Dame Lilian Charlotte Barker, DBE, JP (21 February 1874 – 21 May 1955) was a British schoolteacher, prison governor and assistant prison commissioner. She was the first British woman to be appointed assistant prison commissioner and her work provided the basis for the modern day humanitarian prison system for female correctional facilities in Great Britain.

== Early life ==
Born in Islington, Barker and grew up in Kentish Town and was educated in the local primary school system. She was one of six children and her father, James Barker, who was a Kentish Town tobacconist and an alcoholic. She cared for her invalid mother, Caroline Barker, and siblings for seven years until her mother died. She was a devout Christian and taught Sunday School alongside her caring responsibilities.

== Career ==
After leaving school, Barker attended teacher training at Whitelands College in Chelsea in the 1890s.

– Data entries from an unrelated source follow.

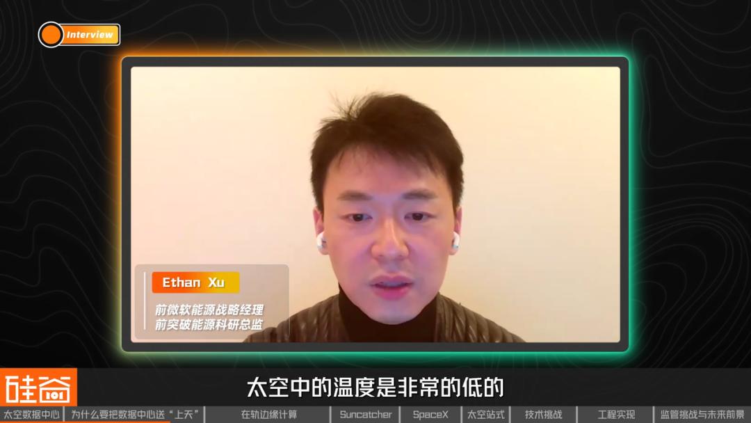 AI运行会产生巨热,而太空背景温度仅为3开尔文(约 -270℃),只需将散热器背对太阳,就能获得高效的自然冷却。在真空环境中,热量不需要被“搬走”,而是可以以辐射的方式向深空释放。我们可以通过巨大的辐射散热板,直接把废热丢进宇宙,前微软能源战略经理Ethan Xu告诉我们,这意味着PUE(能源使用效率)可以无限逼近于1。
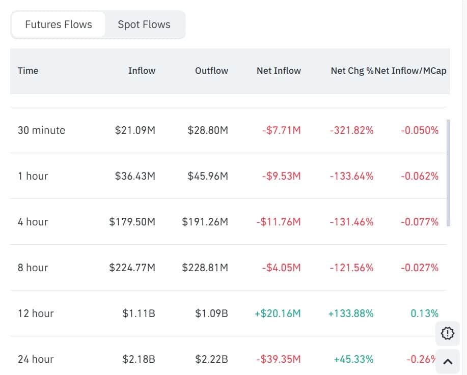 On the futures side, traders aggressively closed their positions as they derisked and deleveraged. CoinGlass data showed that Dogecoin recorded $2.22 billion in Futures outflows compared to $2.18 billion in inflows.
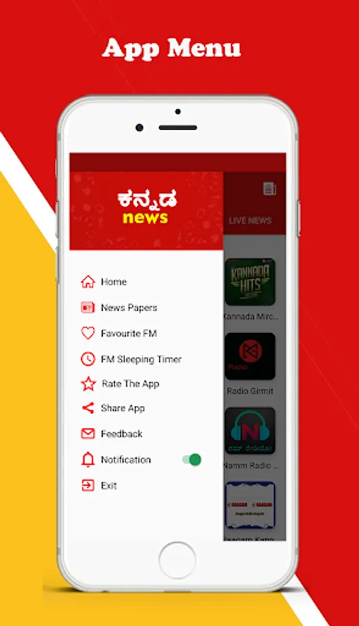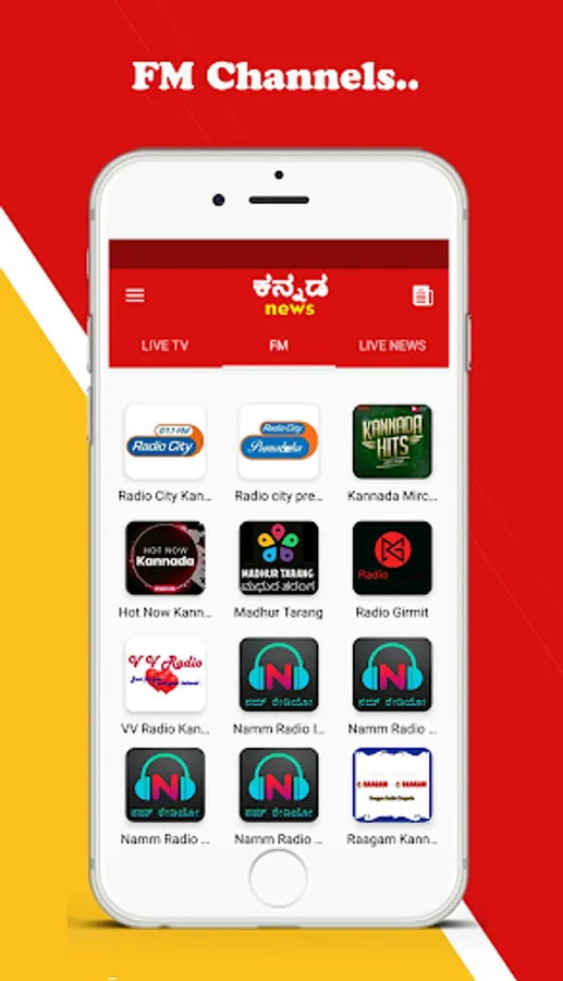 Radio City Kannada, Radio city premaloka, Kannada Mirchi Hits, Hot Now Kannada, Madhur Tarang, Radio Girmit, VV Radio Kannada, Namm Radio Indian, Namm Radio US, Namm Radio Gulf, Namm Radio Europe, Raagam Kannada, Radio Active CR 90.4, Alp Radio, Kannada Romantic, FM Rainbow, Rainbow Kamanabillu, Air Bengaluru, AIR Kannada, Vividh Bharati, Amruthavarshini Bengaluru, AIR Raagam, AIR Primary 612 KHZ, AIR Live News, All India Radios, Radio Daijiworld, Jana Dhwani, BEC Dhwani, Radio Panchajanya, Radio Sarang Kannada, ShantiRadio, Carnatic Classic, FM Ragam Carnatic, Calm Radio, Sai Vaani, Sathyatma Vani, Divyavani Sanskrit Radio, Sanathana Vani, Guru Raghavendra Radio, Quran Radio, Shalom Beats, Hand of Jesus, Jesus Coming, BIBLE 1, BIBLE 2, RMC Bangalore, Kannada Christian radio, Radio Stuthi
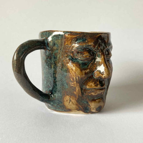 Neben Büsten fertige ich auch Porträts auf Tassen an. Die Tassen sind aus Keramik und die Gesichter sind darauf modelliert. Ich fertige sie in der Regel aus hellem Ton und biete verschiedene Möglichkeiten für die Glasur an.
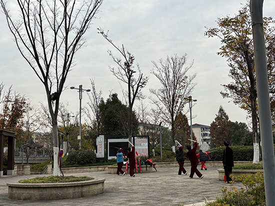 12月9日上午,陽光明媚,安吉縣社區教育學院昌碩分院桃園太極班的場地上傳來悠揚的音樂聲,一場別開生面的太極劍練習在此舉行。學員們在盧老師的指導下,紛紛揮舞起手中的長劍,劍影翩躚,場面蔚為壯觀。
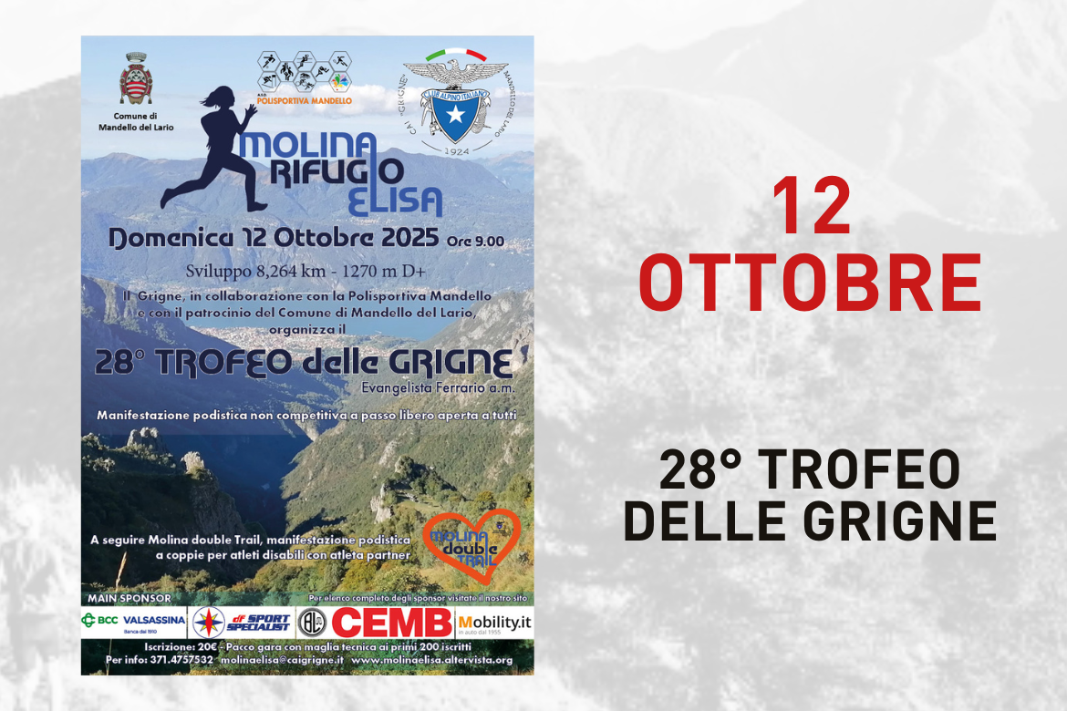 Il Cai Grigne, in collaborazione con la Polisportiva Mandello e con il Patrocinio del Comune di Mandello del Lari, organizza il 28° TROFEO DELLE GRIGNE Evangelista Ferrario a.m.
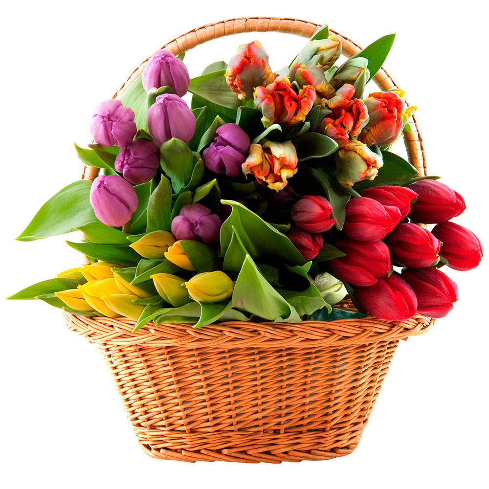Цветы в корзинке «Микс тюльпанов» с доставкой по г Олонец: вы можете заказать букет в гипермаркете цветов «Флормания» по цене от 3590 руб.
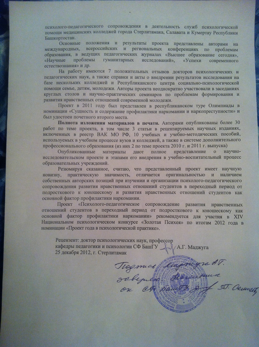 Научная значимость проекта. Создана теоретическая модель, разработана и внедрена программа психолого-педагогического сопровождения развития нравственных отношений личности студентов как основной фактор профилактики наркомании.
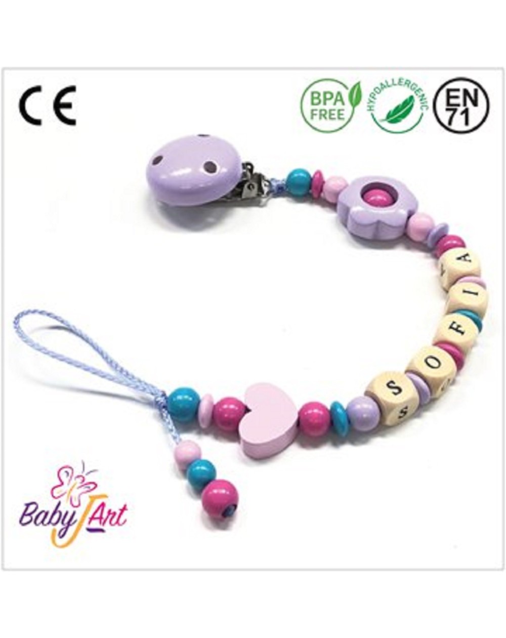 Babyjart Catenella portaciuccio legno con nome, gancio/adattatore ciuccio mam
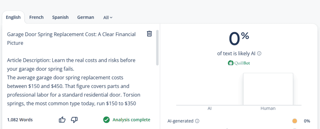 | Spring Replacement Cost | Average Price Range | $150–$350 (torsion), $120–$200 (extension) | 10 | Core intent of the topic; users search specifically for price ranges. |
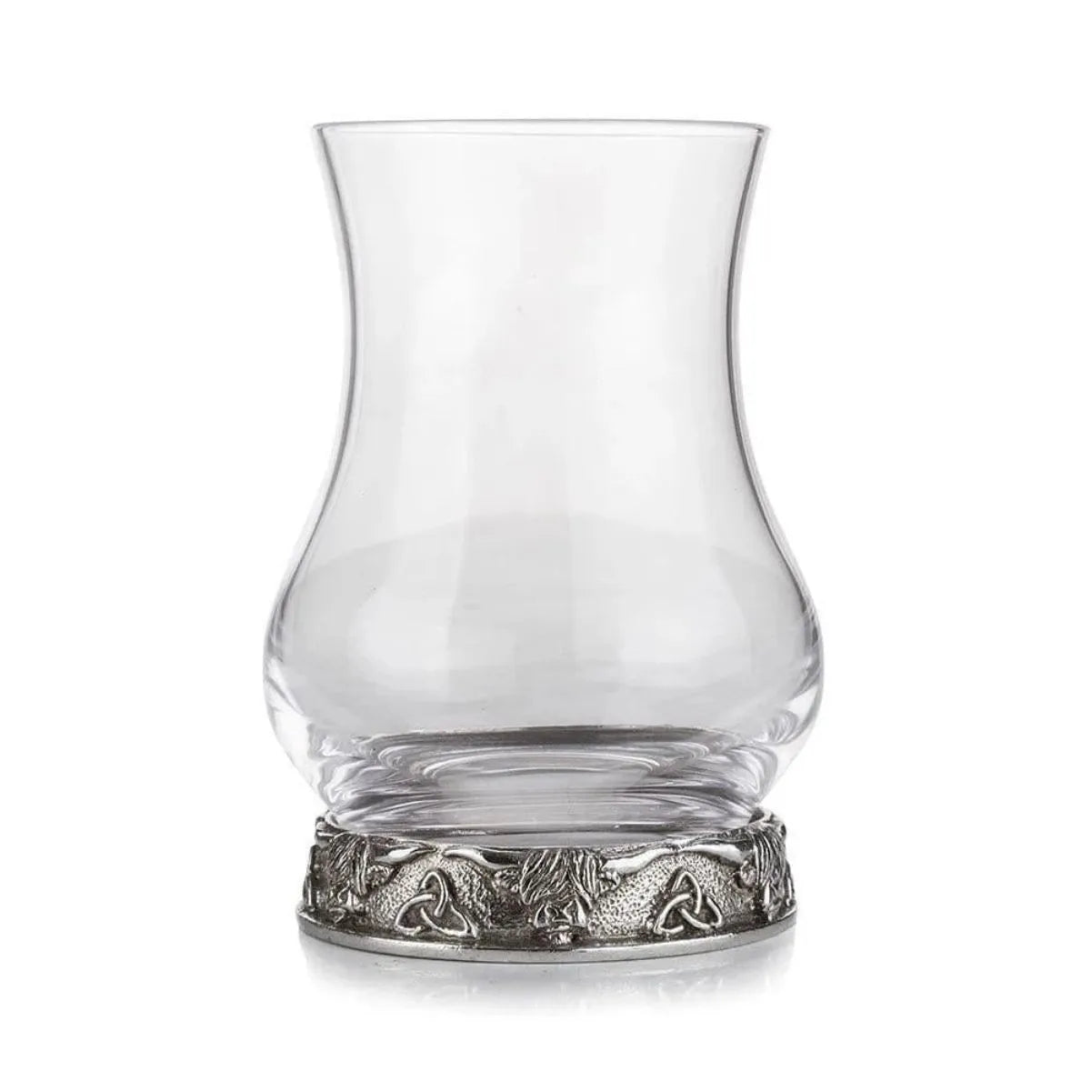 Indulge in a unique whisky experience with our Pewter Highland Whisky Glass! Made with solid glass and a pewter base, this piece offers longevity. It beautifully combines iconic Scottish symbols - the Highland cow and Celtic knotwork or thistle, weaving a tale of Scottish tradition and artistry. Renowned for their resilience and strength, these elements represent the spirit of the Scottish Highlands, embodying qualities of endurance and perseverance. Beyond its captivating design, its meticulously shaped contours enhance the whisky's essence. Measuring 3.93x2.36 x 2.36 inches and offering a capacity of 6.08 fl oz, it's ideal for cherished tasting moments.
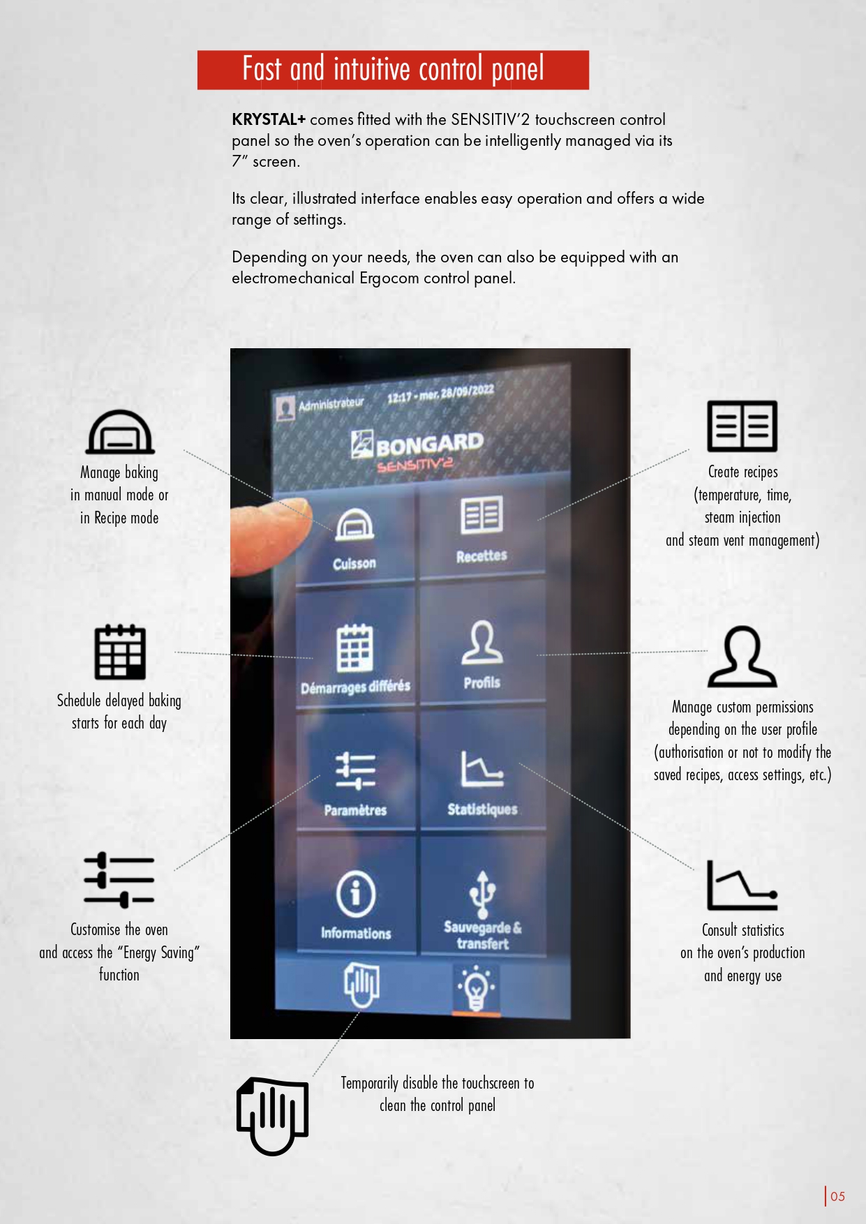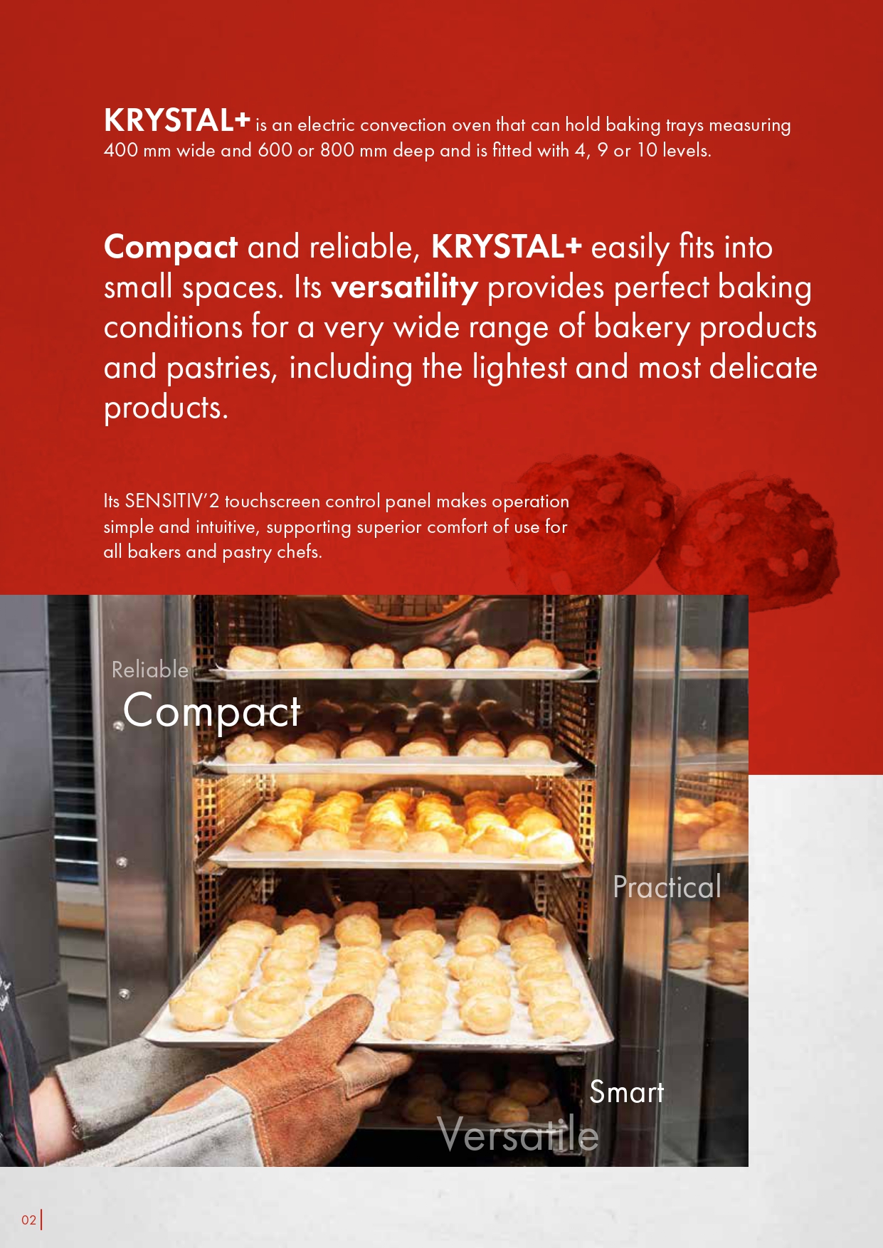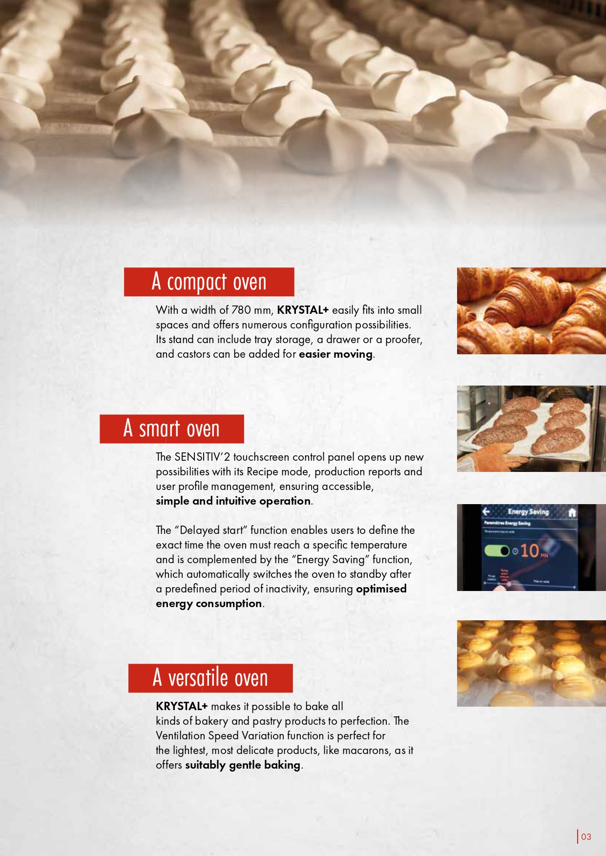 Convection oven Krystal Characteristics • 46.4, 46.9 for 400 x 600 pans • 48.4 and 48.9 for 400 x 800 pans • Number of decks : 4, 9 or 10 depending on models • Useful height of baking chamber : 600 or 800 mm

She became a schoolteacher who specialised in "troubled" children, teaching classes of up to sixty children from the deprived areas of London.

Barker became the Principal of the London County Council’s Women’s Institute correction facility in 1913, offering classes in skills such as dress-making and cookery and subjects such as art, literature and politics. She organised additional classes for female patients being treated at the London Lock Hospital for Venereal Disease.

After serving at the correction facility for two years, Barker resigned from her post after being recruited to join Britain's war effort during World War I. Her first role was as Commandant of the Women's Legion cooking section, where she organised the training of army cooks. She was then appointed Chief Welfare Superintendent of the Royal Arsenal, Woolwich, overseeing 30,000 women munitions workers. Her workers were surrounded by dangerous chemicals and TNT, but Barker organised canteens, first aid provision, recreational activities and rest rooms for the women. She was appointed CBE in 1917.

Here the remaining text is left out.